*Goal of the exercise:* Give the listing again exactly, skipping any pictures it holds.

*Provided material:*
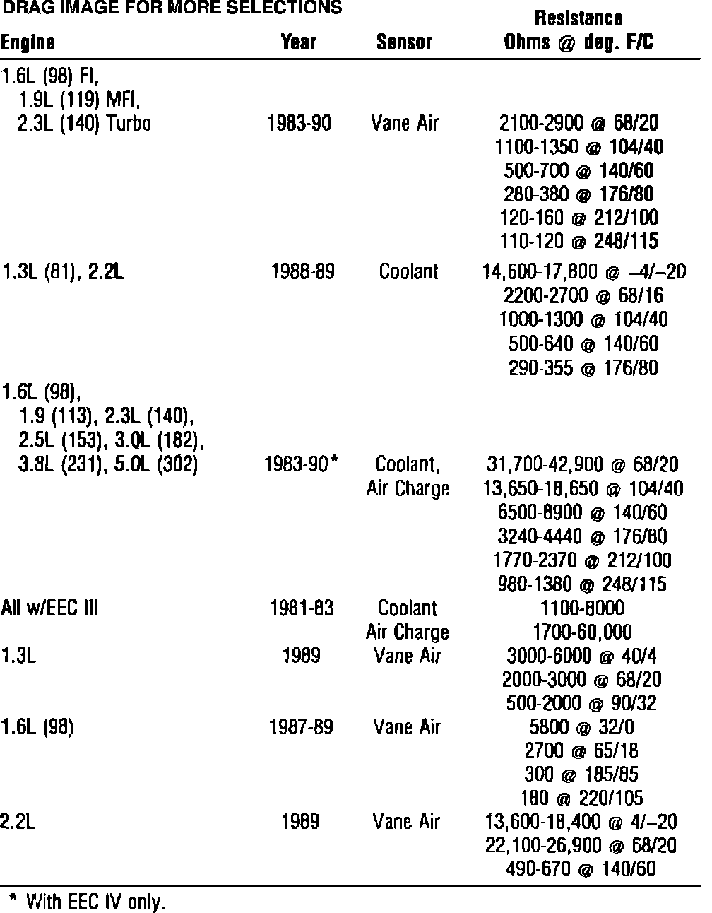 Home >> Ford >> 1986 >> Midsize LTD V6-232 3.8L >> Repair and Diagnosis >> Specifications >> Electrical Specifications >> Coolant Temperature Sensor/Switch (For Computer)
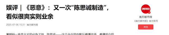 南方都市报|娱评|《恶意》:又一次“陈思诚制造”,看似很爽实则业余
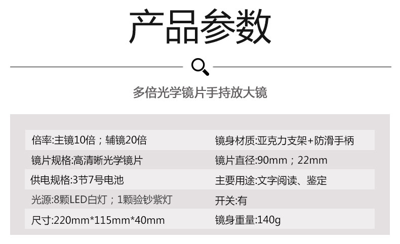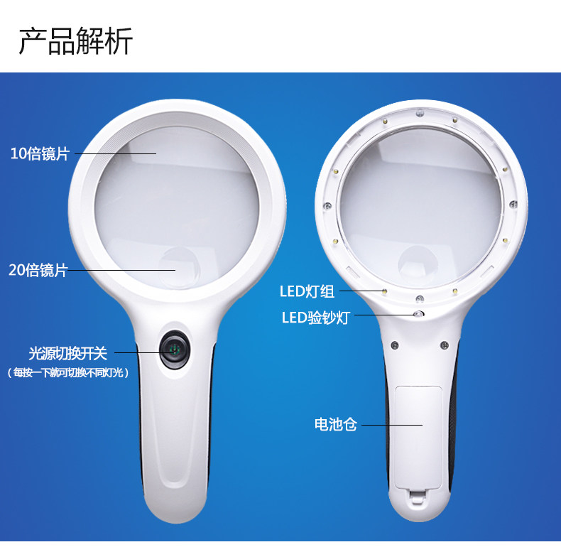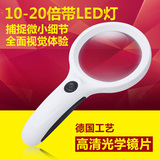 Портативная лупа с подсветкой, чтение для школьников и студентов, оптика, увеличение в 20 раз, увеличение в 10 раз
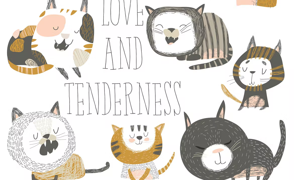 Cute cats in different poses on white background.
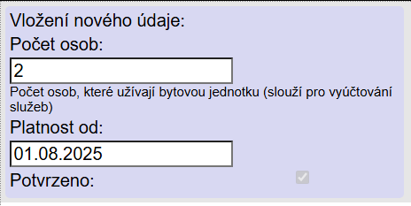 Na tomto místě můžeme poznamenat, že tyto údaje lze rozdělit do dvou kategorií. První jsou údaje citlivé, které vyžadují vyšší úroveň bezpečnosti. Tyto údaje se při nahlášení změny sice uloží, ale nejsou platné, dokud je správce nepotvrdí např. na základě podepsané žádosti o změnu, kterou TADY BYDLÍM vytvoří a uživatel si ji vytiskne a podepíše. Typickým příkladem je bankovní spojení. Kdyby totiž měl uživatel v systému zvoleno heslo, které se dá lehce odhadnout a nějaký útočník by se tak pod jeho uživatelským účtem dostal do systému a mohl v něm bankovní spojení svévolně změnit, mohl by se případný nejbližší přeplatek odeslat na cizí bankovní účet. TADY BYDLÍM proto záměrně komplikuje operace, které by mohly vést ke škodě. Údaje ze zbývající druhé kategorie jsou platné ihned po vložení a tyto údaje jsou rovněž přístupné nejen vlastníkovi bytu, ale i uživateli, který není vlastníkem.
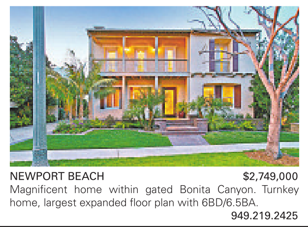 NEWPORT BEACH $2,749,000 Magnificent home within gated Bonita Canyon. Turnkey home, largest expanded floor plan with 6BD/6.5BA.
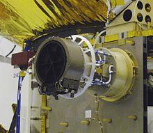 The RTG, model "GPHS-RTG", was originally a spare from the Cassini mission. The RTG contains 9.75 kg (21.5 lb) of plutonium-238 oxide pellets.[27] Each pellet is clad in iridium, then encased in a graphite shell. It was developed by the U.S. Department of Energy at the Materials and Fuels Complex, a part of the Idaho National Laboratory.[52] The original RTG design called for 10.9 kg (24 lb) of plutonium, but a unit less powerful than the original design goal was produced because of delays at the United States Department of Energy, including security activities, that delayed plutonium production.[53] The mission parameters and observation sequence had to be modified for the reduced wattage; still, not all instruments can operate simultaneously. The Department of Energy transferred the space battery program from Ohio to Argonne in 2002 because of security concerns.
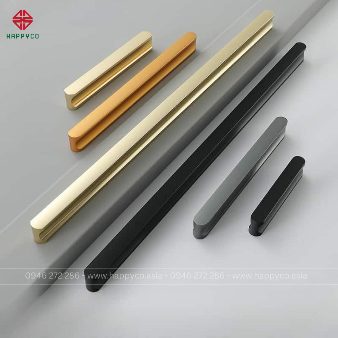 Hiện đại → tay nắm dài, màu đen hoặc inox mờ.
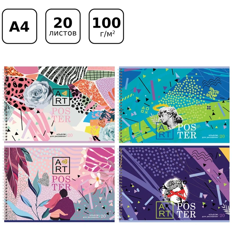 Альбом для рисования 20л., А4, на гребне BG 'ARTposter'

*Answer to this problem:*
 Home >> Ford >> 1986 >> Midsize LTD V6-232 3.8L >> Repair and Diagnosis >> Specifications >> Electrical Specifications >> Coolant Temperature Sensor/Switch (For Computer)
 南方都市报|娱评|《恶意》:又一次“陈思诚制造”,看似很爽实则业余
 Портативная лупа с подсветкой, чтение для школьников и студентов, оптика, увеличение в 20 раз, увеличение в 10 раз
 Cute cats in different poses on white background.
 Na tomto místě můžeme poznamenat, že tyto údaje lze rozdělit do dvou kategorií. První jsou údaje citlivé, které vyžadují vyšší úroveň bezpečnosti. Tyto údaje se při nahlášení změny sice uloží, ale nejsou platné, dokud je správce nepotvrdí např. na základě podepsané žádosti o změnu, kterou TADY BYDLÍM vytvoří a uživatel si ji vytiskne a podepíše. Typickým příkladem je bankovní spojení. Kdyby totiž měl uživatel v systému zvoleno heslo, které se dá lehce odhadnout a nějaký útočník by se tak pod jeho uživatelským účtem dostal do systému a mohl v něm bankovní spojení svévolně změnit, mohl by se případný nejbližší přeplatek odeslat na cizí bankovní účet. TADY BYDLÍM proto záměrně komplikuje operace, které by mohly vést ke škodě. Údaje ze zbývající druhé kategorie jsou platné ihned po vložení a tyto údaje jsou rovněž přístupné nejen vlastníkovi bytu, ale i uživateli, který není vlastníkem.
 NEWPORT BEACH $2,749,000 Magnificent home within gated Bonita Canyon. Turnkey home, largest expanded floor plan with 6BD/6.5BA.
 The RTG, model "GPHS-RTG", was originally a spare from the Cassini mission. The RTG contains 9.75 kg (21.5 lb) of plutonium-238 oxide pellets.[27] Each pellet is clad in iridium, then encased in a graphite shell. It was developed by the U.S. Department of Energy at the Materials and Fuels Complex, a part of the Idaho National Laboratory.[52] The original RTG design called for 10.9 kg (24 lb) of plutonium, but a unit less powerful than the original design goal was produced because of delays at the United States Department of Energy, including security activities, that delayed plutonium production.[53] The mission parameters and observation sequence had to be modified for the reduced wattage; still, not all instruments can operate simultaneously. The Department of Energy transferred the space battery program from Ohio to Argonne in 2002 because of security concerns.
 Hiện đại → tay nắm dài, màu đen hoặc inox mờ.
 Альбом для рисования 20л., А4, на гребне BG 'ARTposter'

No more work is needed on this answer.